Segment Start: Records shown

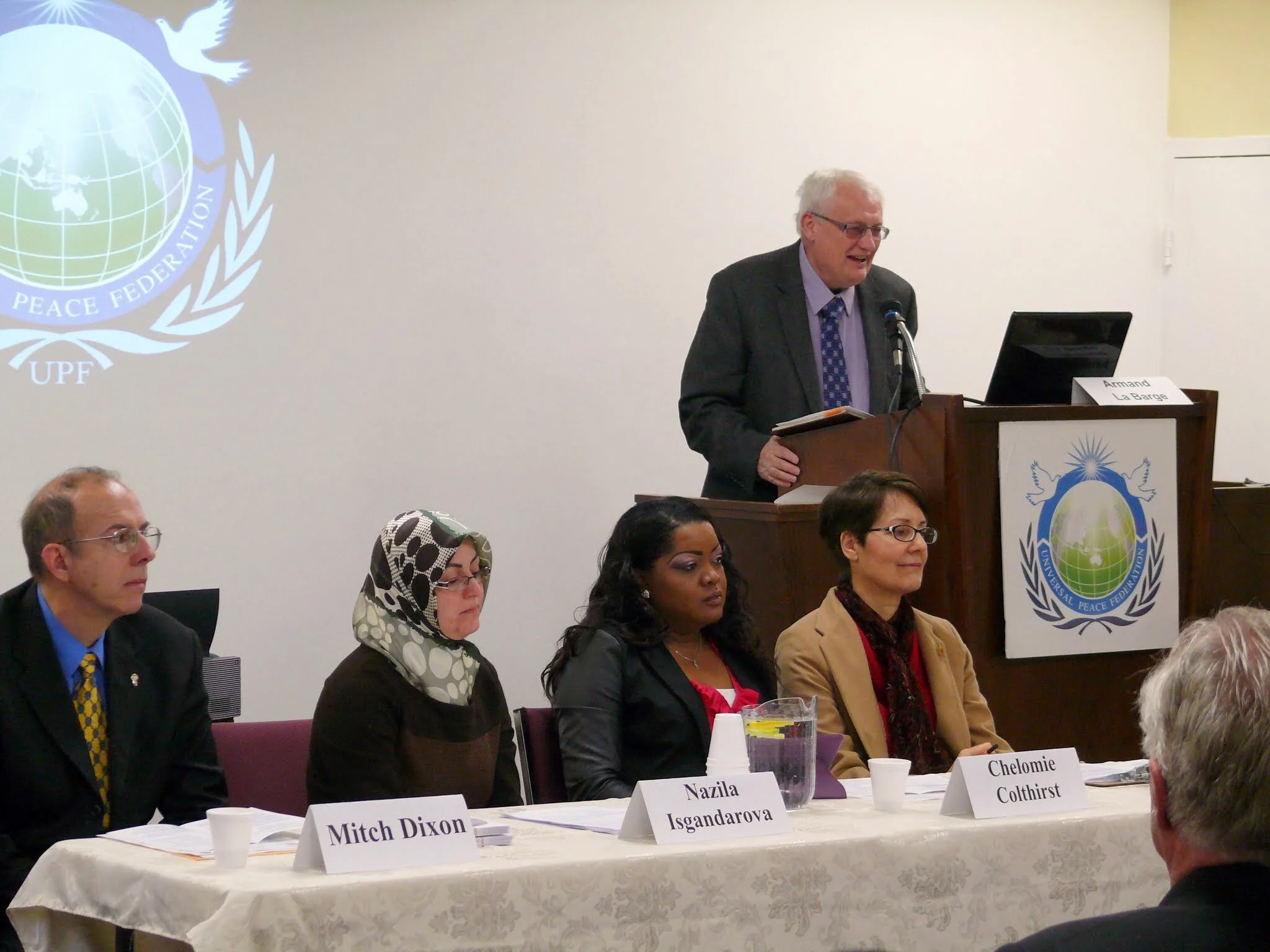 A WFWP/UPF conference, part of the on-going ‘Educating for Peace’ series on, was held in Toronto on January 11, 2014 on the specific theme, ‘Stable Families Bring Prosperity, Peace and Integrity to the Nation’. It was compromised of 3 panels, with time for questions and answers and was very ably guided by Dr. Armand LaBarge, retired Police Chief of Peel. Rev. Earl Smith of the Church of Scientology offered the Invocation and Dr. Moon Shik Kim, the Canada UPF Chairman, welcoming remarks…
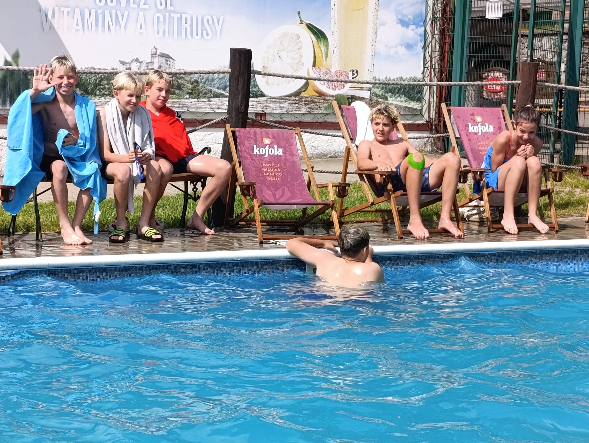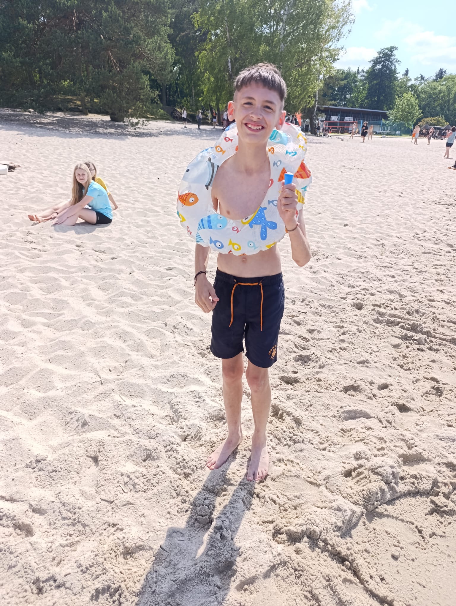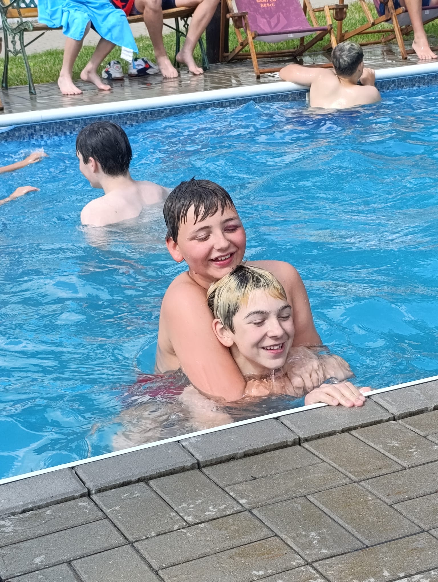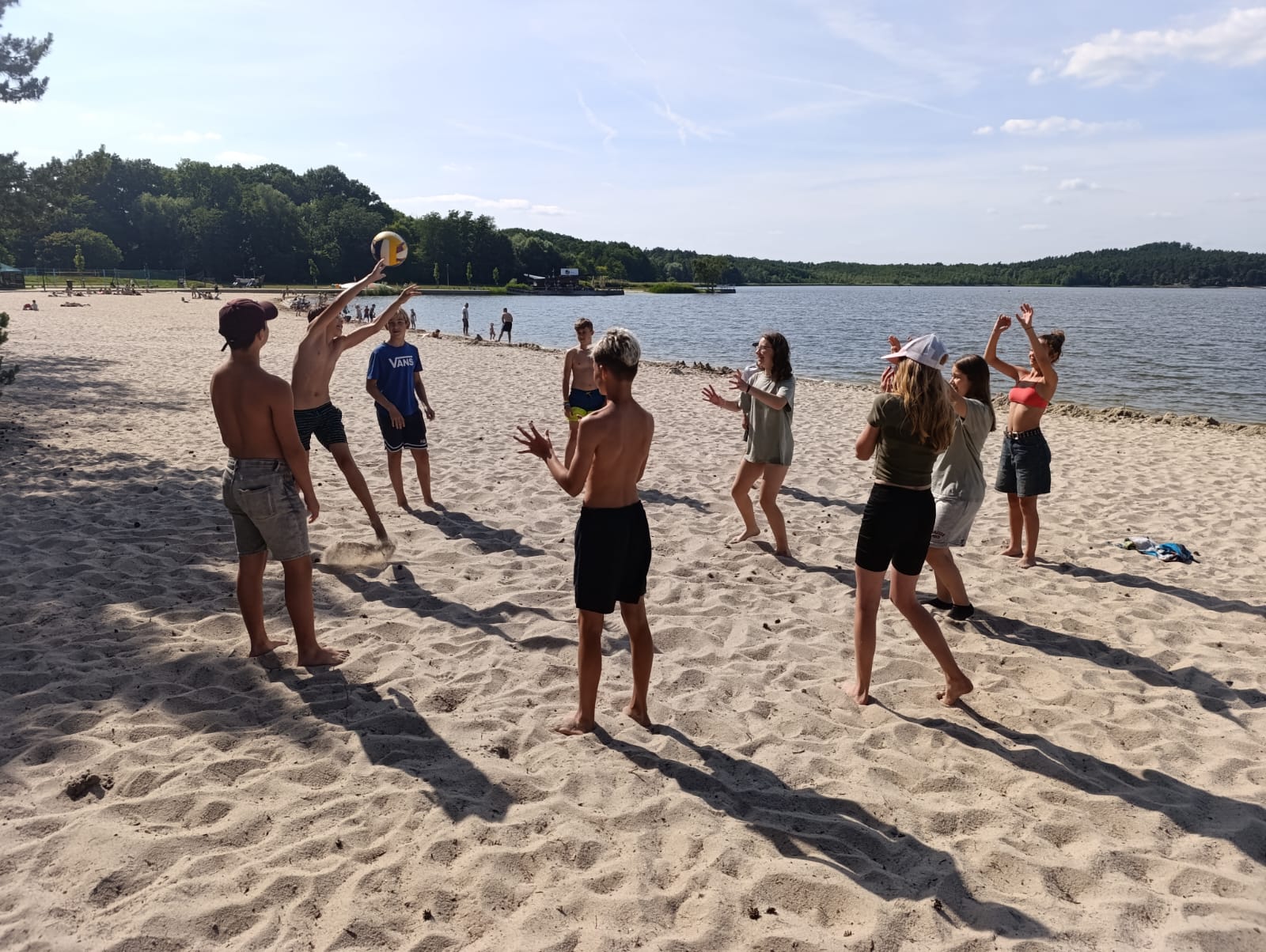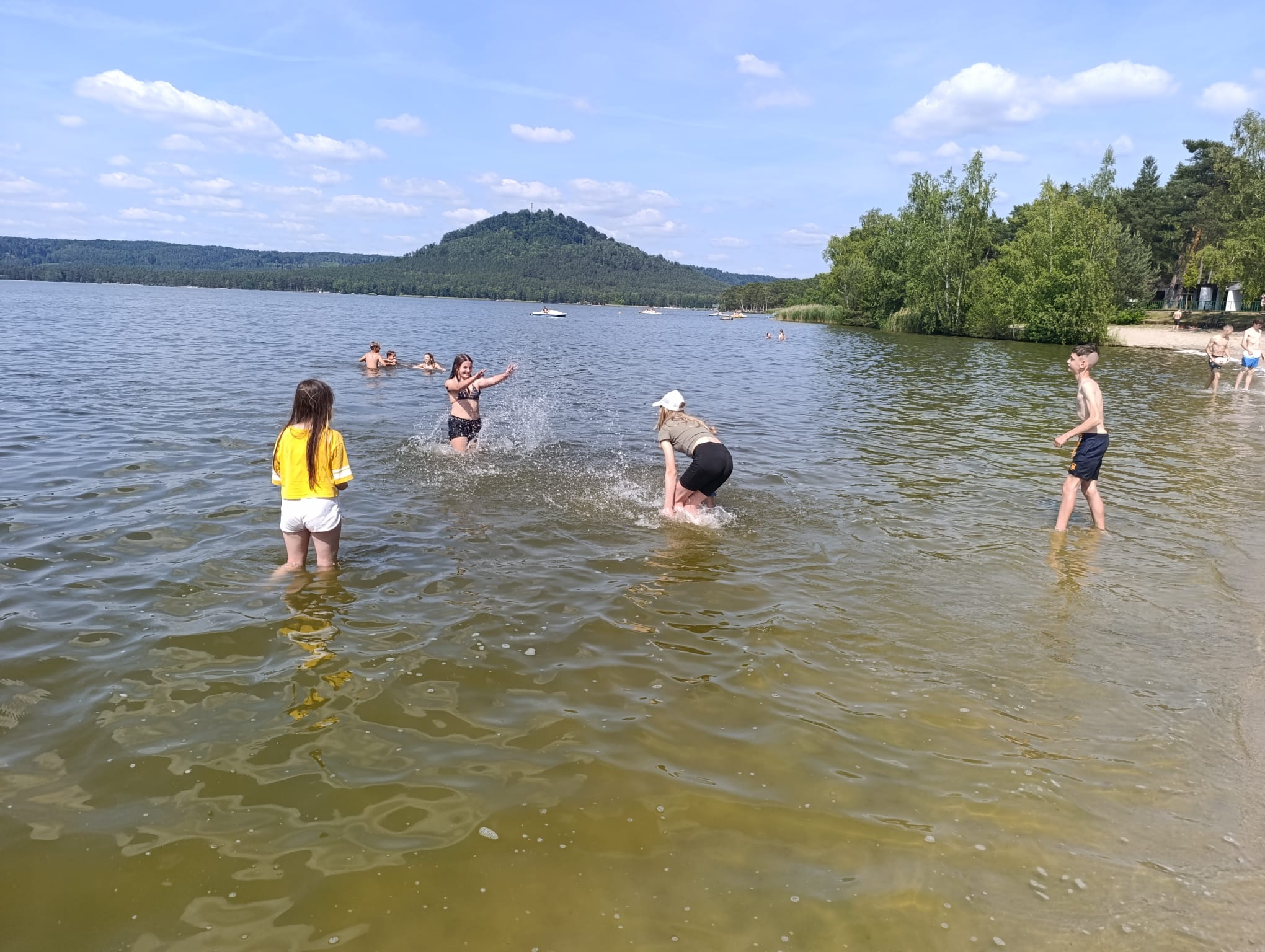 Druhý den jsme se probudili do krásného slunečného dne. Po snídani jsme celé dopoledne hráli turnaj v přehazované, poté všichni naskákali do bazénu a pořádně se vyřádili. Před obědem jsme vše zabalili, předali chatky a po knedlu, špenátu, vepřu jsme se vydali směr Máchovo jezero. Tentokrát do vody vlezli všichni. Někteří si půjčili šlapadla, jiní plavali, další hráli míčové hry nebo si pochutnávali na zmrzlině či ledové tříšti.
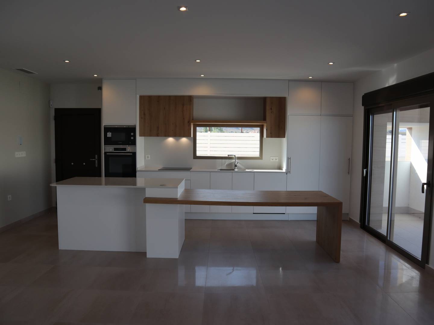 L'intérieur de la maison est conçu avec un accent sur le confort et l'efficacité. Les sols en grès cérame apportent une touche d'élégance et sont faciles à entretenir. La cuisine est équipée d'appareils modernes, facilitant les tâches quotidiennes. Le système de climatisation garantit une ambiance agréable toute l'année. Les volets électriques et les placards intégrés sont des détails qui ajoutent fonctionnalité et confort à la maison, permettant une utilisation optimale de l'espace.
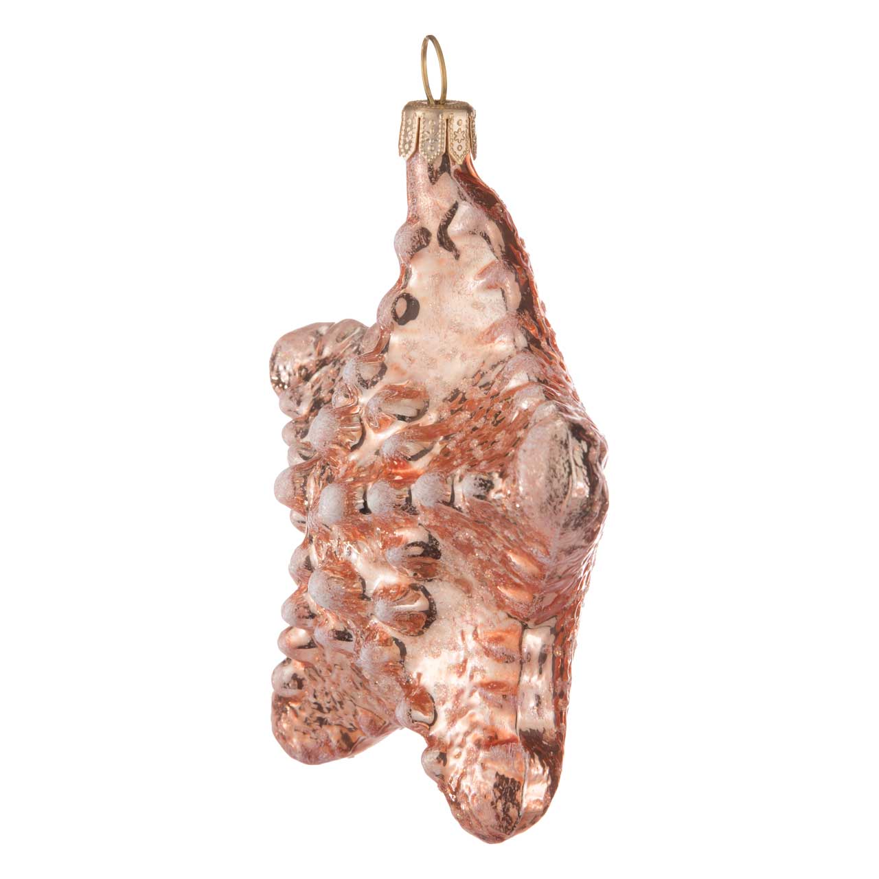 Y este ejemplar de cristal parece haberse vestido especialmente para la ocasión. El característico cuerpo de cinco puntas del animal brilla en un elegante color rosa. Puntos blancos de purpurina de diferentes tamaños marcan las púas y el dorso también ha sido embadurnado con gran atención al detalle
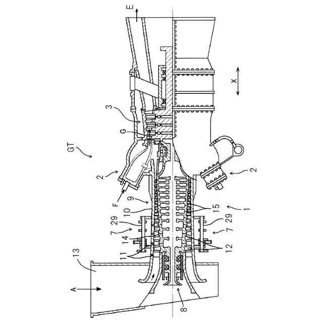 図1は、本開示の可変静翼機構を採用したガスタービンエンジンGTの発電システムの概略構成を示す。同図において、ガスタービンGTは、軸流圧縮機(以下、単に「圧縮機」という)1と、燃焼器2と、タービン3とを主な構成要素として備えている。圧縮機1から供給される圧縮空気Aと、図示外の燃料供給装置から供給される燃料Fとを燃焼器2で燃焼させ、燃焼により発生する高温高圧の燃焼ガスGをタービン3に供給して、タービン3を駆動する。タービン3から排ガスEが排出される。圧縮機1は回転軸4を介してタービン3により駆動され、タービン3はまた、減速機5を介して発電機のような外部の負荷6を駆動する。
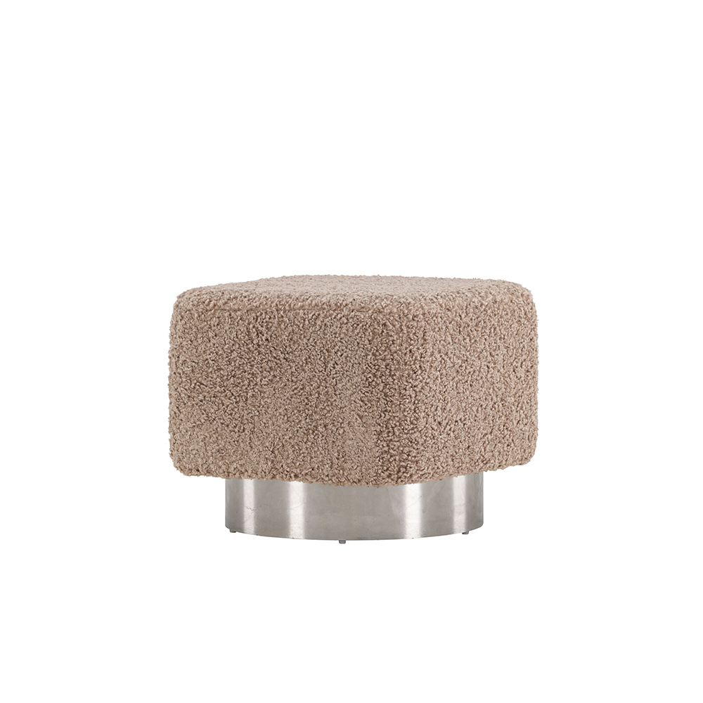 Newton är en underbar puff i teddy som kommer att skapa en mysig atmosfär i ditt rum. Det mjuka och gosiga materialet gör den perfekt att sitta på och njuta av avkopplande stunder. Puffens stomme i silver ger den en unik och modern touch som verkligen sticker ut.
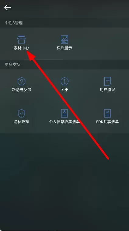 2、在功能菜单页面,点击素材中心选项,进入素材中心页面。

Segment End: Records shown

> **What to produce**:
Print each record exactly as it stands, skipping the pictures.

> **Answer space**:
 A WFWP/UPF conference, part of the on-going ‘Educating for Peace’ series on, was held in Toronto on January 11, 2014 on the specific theme, ‘Stable Families Bring Prosperity, Peace and Integrity to the Nation’. It was compromised of 3 panels, with time for questions and answers and was very ably guided by Dr. Armand LaBarge, retired Police Chief of Peel. Rev. Earl Smith of the Church of Scientology offered the Invocation and Dr. Moon Shik Kim, the Canada UPF Chairman, welcoming remarks…
 Druhý den jsme se probudili do krásného slunečného dne. Po snídani jsme celé dopoledne hráli turnaj v přehazované, poté všichni naskákali do bazénu a pořádně se vyřádili. Před obědem jsme vše zabalili, předali chatky a po knedlu, špenátu, vepřu jsme se vydali směr Máchovo jezero. Tentokrát do vody vlezli všichni. Někteří si půjčili šlapadla, jiní plavali, další hráli míčové hry nebo si pochutnávali na zmrzlině či ledové tříšti.
 L'intérieur de la maison est conçu avec un accent sur le confort et l'efficacité. Les sols en grès cérame apportent une touche d'élégance et sont faciles à entretenir. La cuisine est équipée d'appareils modernes, facilitant les tâches quotidiennes. Le système de climatisation garantit une ambiance agréable toute l'année. Les volets électriques et les placards intégrés sont des détails qui ajoutent fonctionnalité et confort à la maison, permettant une utilisation optimale de l'espace.
 Y este ejemplar de cristal parece haberse vestido especialmente para la ocasión. El característico cuerpo de cinco puntas del animal brilla en un elegante color rosa. Puntos blancos de purpurina de diferentes tamaños marcan las púas y el dorso también ha sido embadurnado con gran atención al detalle
 図1は、本開示の可変静翼機構を採用したガスタービンエンジンGTの発電システムの概略構成を示す。同図において、ガスタービンGTは、軸流圧縮機(以下、単に「圧縮機」という)1と、燃焼器2と、タービン3とを主な構成要素として備えている。圧縮機1から供給される圧縮空気Aと、図示外の燃料供給装置から供給される燃料Fとを燃焼器2で燃焼させ、燃焼により発生する高温高圧の燃焼ガスGをタービン3に供給して、タービン3を駆動する。タービン3から排ガスEが排出される。圧縮機1は回転軸4を介してタービン3により駆動され、タービン3はまた、減速機5を介して発電機のような外部の負荷6を駆動する。
 Newton är en underbar puff i teddy som kommer att skapa en mysig atmosfär i ditt rum. Det mjuka och gosiga materialet gör den perfekt att sitta på och njuta av avkopplande stunder. Puffens stomme i silver ger den en unik och modern touch som verkligen sticker ut.
 2、在功能菜单页面,点击素材中心选项,进入素材中心页面。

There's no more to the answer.